Data excerpts:
+++

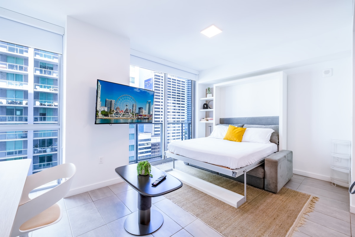 迷人的单间公寓,可欣赏海湾和城市景观,免费公园/游泳池
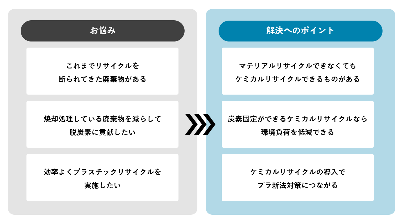 プラスチックの再資源化といえば、これまでの主流はマテリアルリサイクルでした。ただし、この手法では単一素材でなければ再生物の品質を保つことが難しく、樹脂の選別や不純物の除去に手間がかかります。そこでケミカルリサイクルのニーズと技術が高まるものの、各プラントの事情により地域・品質・物量など受け入れ条件は限定的です。あらゆる業種の排出事業者にとって当たり前の選択肢として普及するには、ケミカルリサイクルの間口を広げる必要があります。
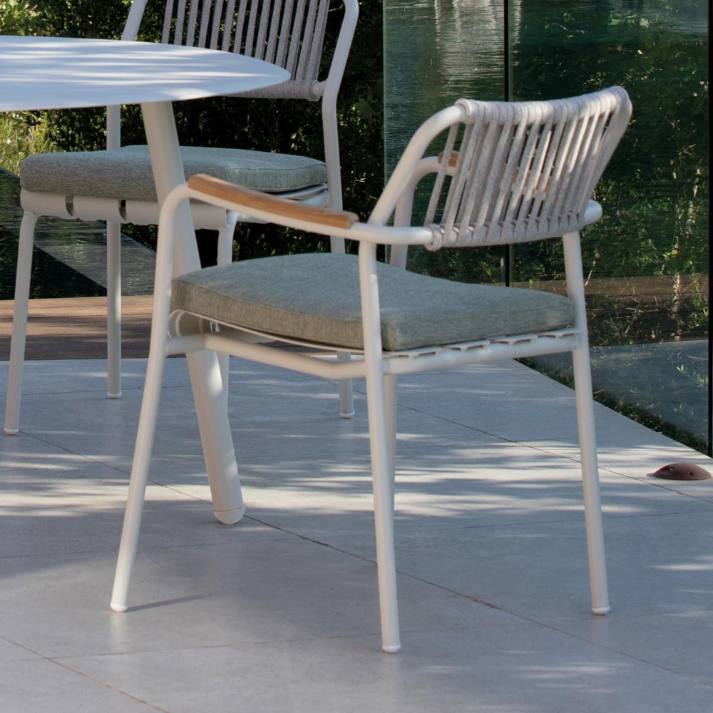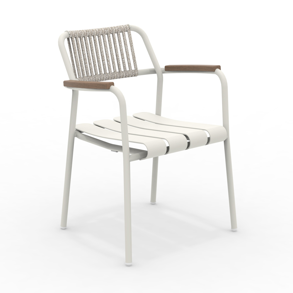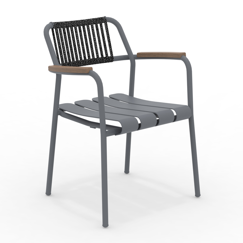 2 outdoor armchairs made with an aluminum frame, FSC teak armrests and rope backrest.
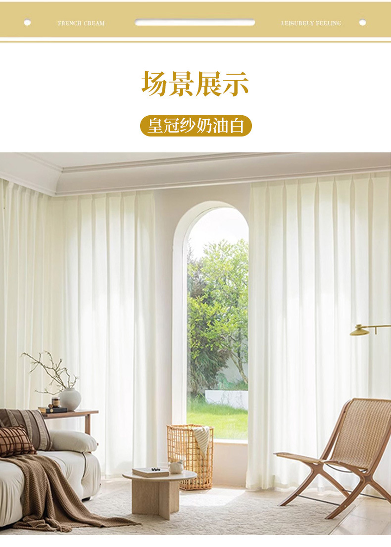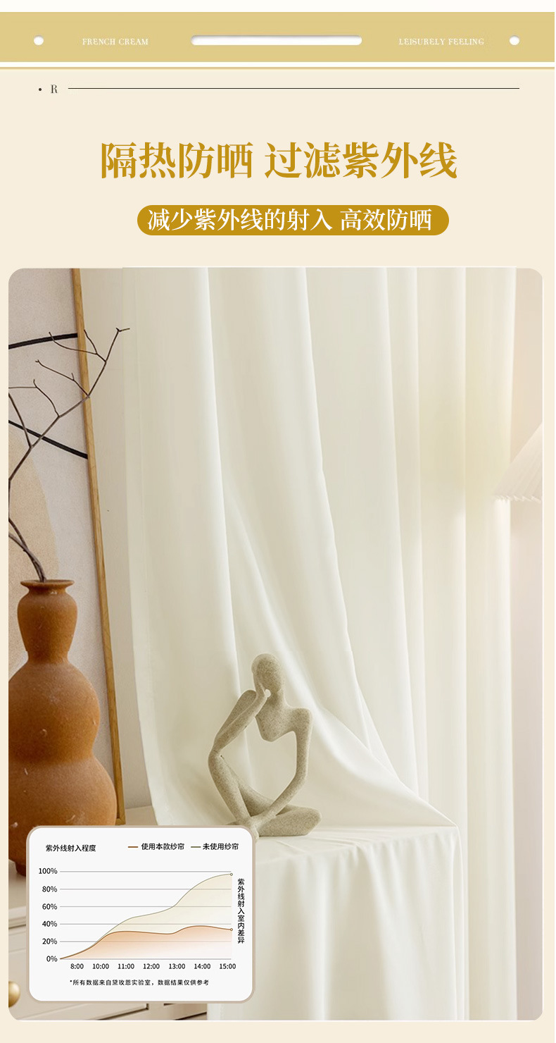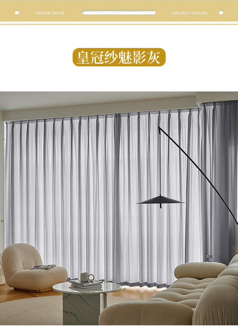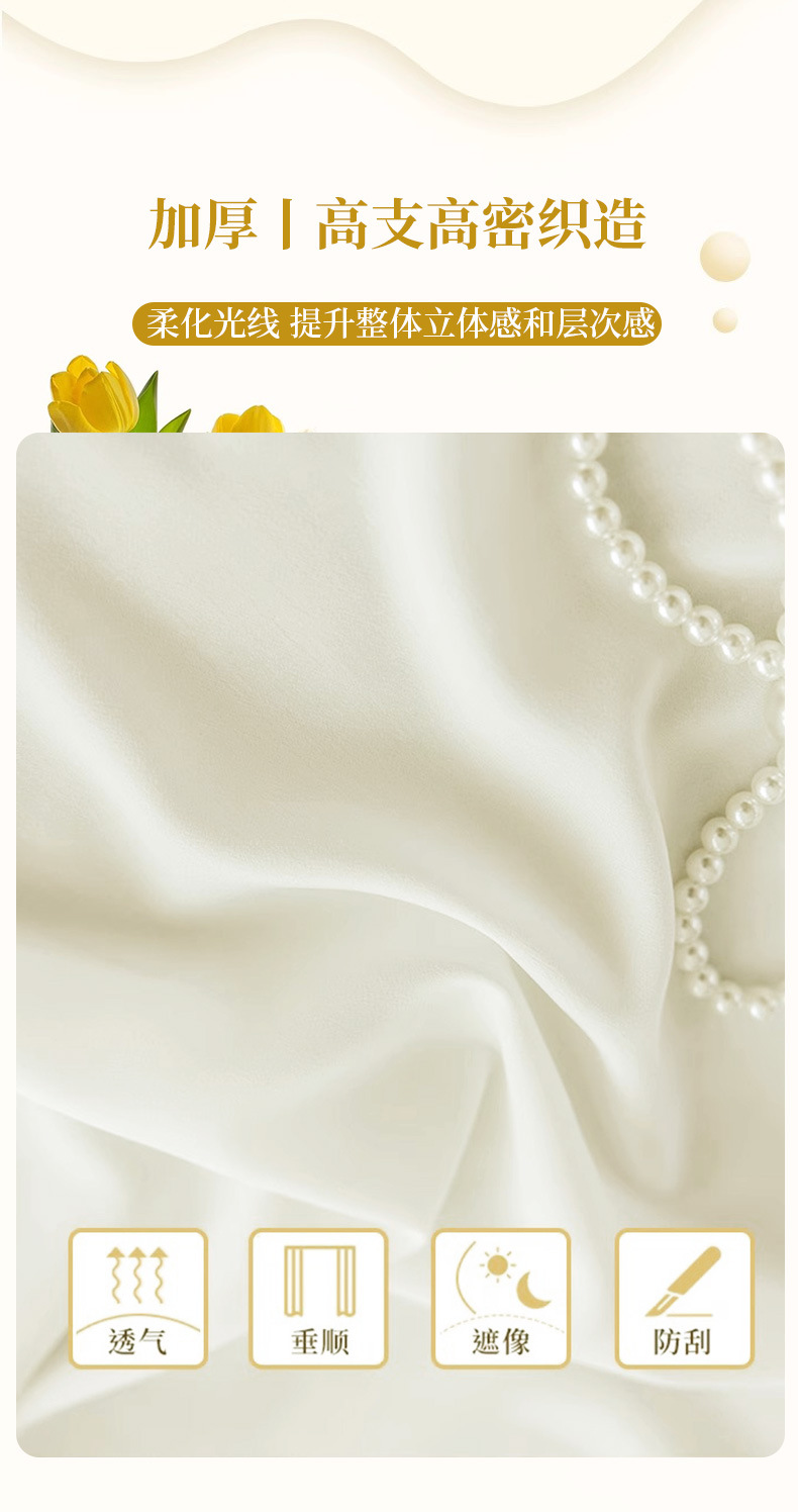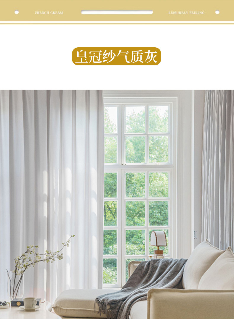 프렌치 크림 화이트 커튼 거즈 커튼은 빛을 투과하고 불투명하며 펀치 없는 칸막이 커튼, 침실 발코니 차양, 왕관 거즈스토어 가기
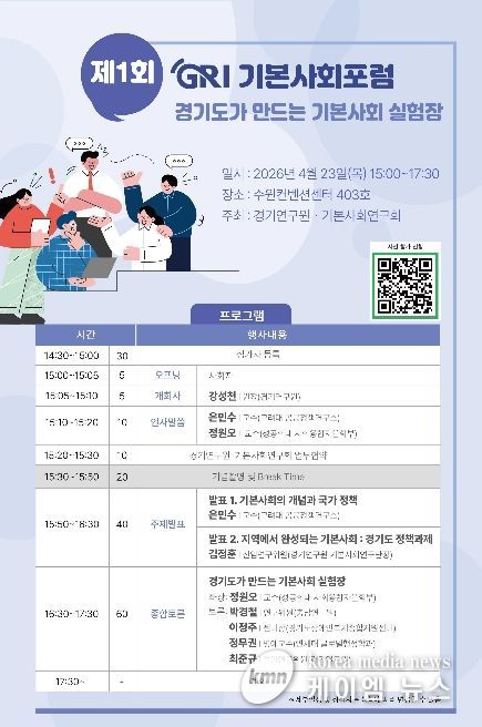 (케이엠뉴스) 경기연구원은 오는 23일 오후 3시 수원컨벤션센터 403호에서 ‘경기도가 만드는 기본사회 실험장’을 주제로 ‘제1회 GRI 기본사회포럼’을 개최한다.
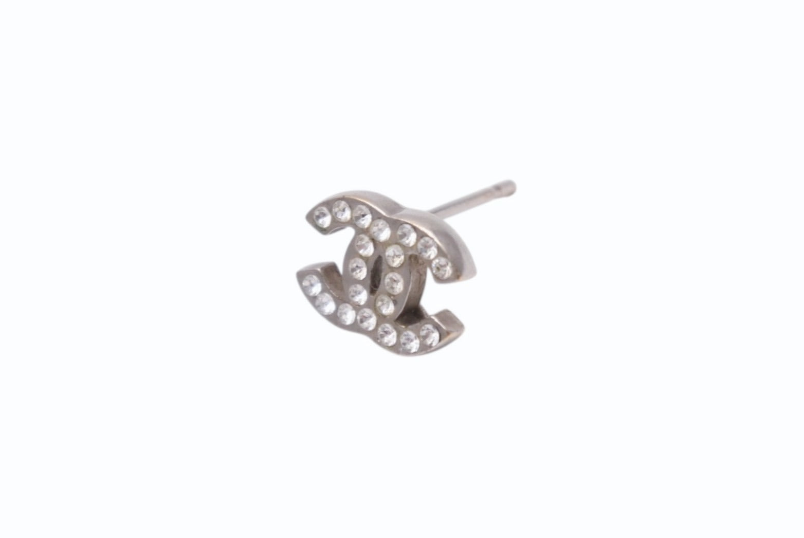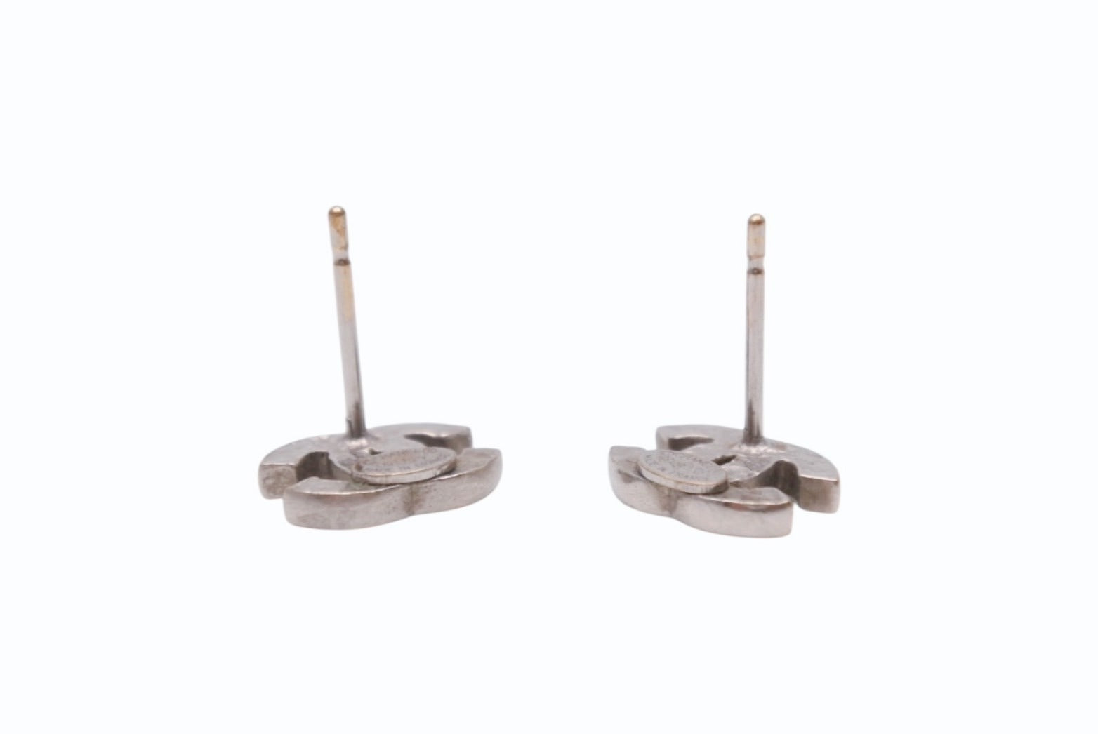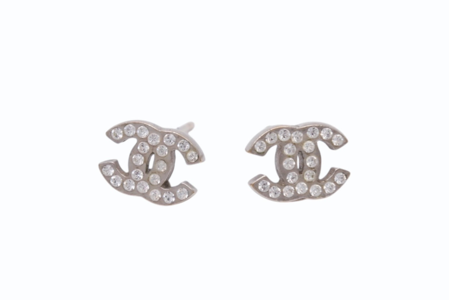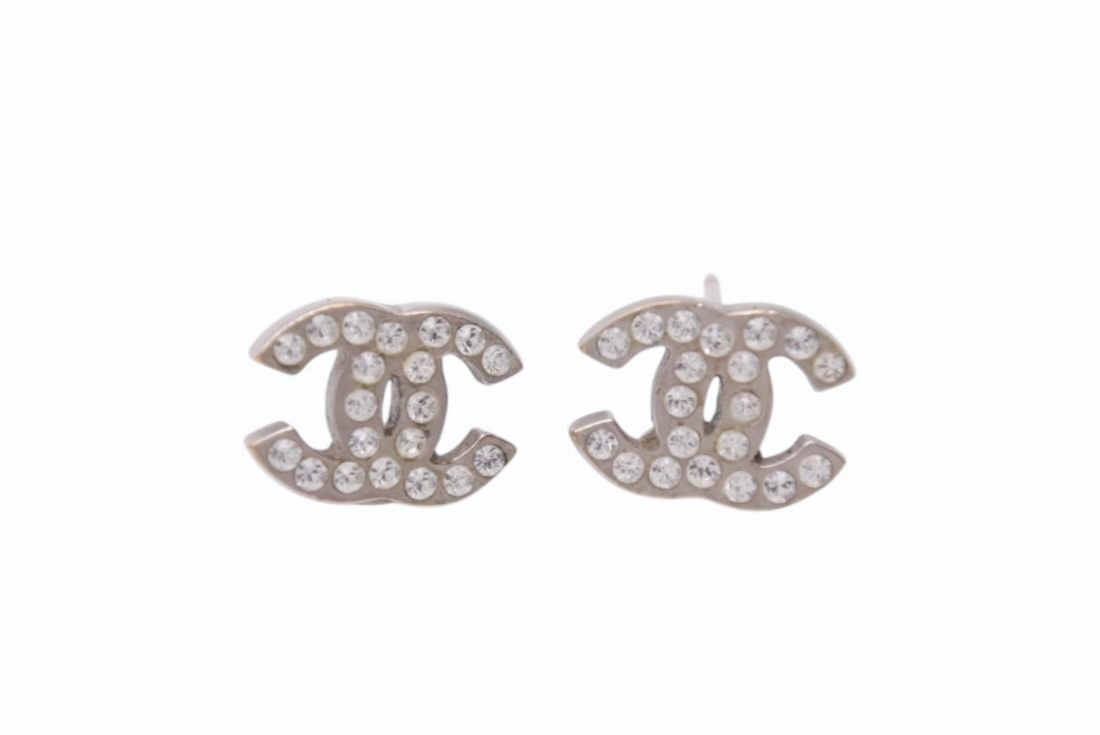 極美品 CHANEL シャネル ピアス ココマーク 両耳 09V刻印 メタル ラインストーン シルバー 0.8g 中古4b002822

+++

Reproduce the data exactly as it appears above. Pictures are to be left out.

**RESPONSE BOX**.
 迷人的单间公寓,可欣赏海湾和城市景观,免费公园/游泳池
 プラスチックの再資源化といえば、これまでの主流はマテリアルリサイクルでした。ただし、この手法では単一素材でなければ再生物の品質を保つことが難しく、樹脂の選別や不純物の除去に手間がかかります。そこでケミカルリサイクルのニーズと技術が高まるものの、各プラントの事情により地域・品質・物量など受け入れ条件は限定的です。あらゆる業種の排出事業者にとって当たり前の選択肢として普及するには、ケミカルリサイクルの間口を広げる必要があります。
 2 outdoor armchairs made with an aluminum frame, FSC teak armrests and rope backrest.
 프렌치 크림 화이트 커튼 거즈 커튼은 빛을 투과하고 불투명하며 펀치 없는 칸막이 커튼, 침실 발코니 차양, 왕관 거즈스토어 가기
 (케이엠뉴스) 경기연구원은 오는 23일 오후 3시 수원컨벤션센터 403호에서 ‘경기도가 만드는 기본사회 실험장’을 주제로 ‘제1회 GRI 기본사회포럼’을 개최한다.
 極美品 CHANEL シャネル ピアス ココマーク 両耳 09V刻印 メタル ラインストーン シルバー 0.8g 中古4b002822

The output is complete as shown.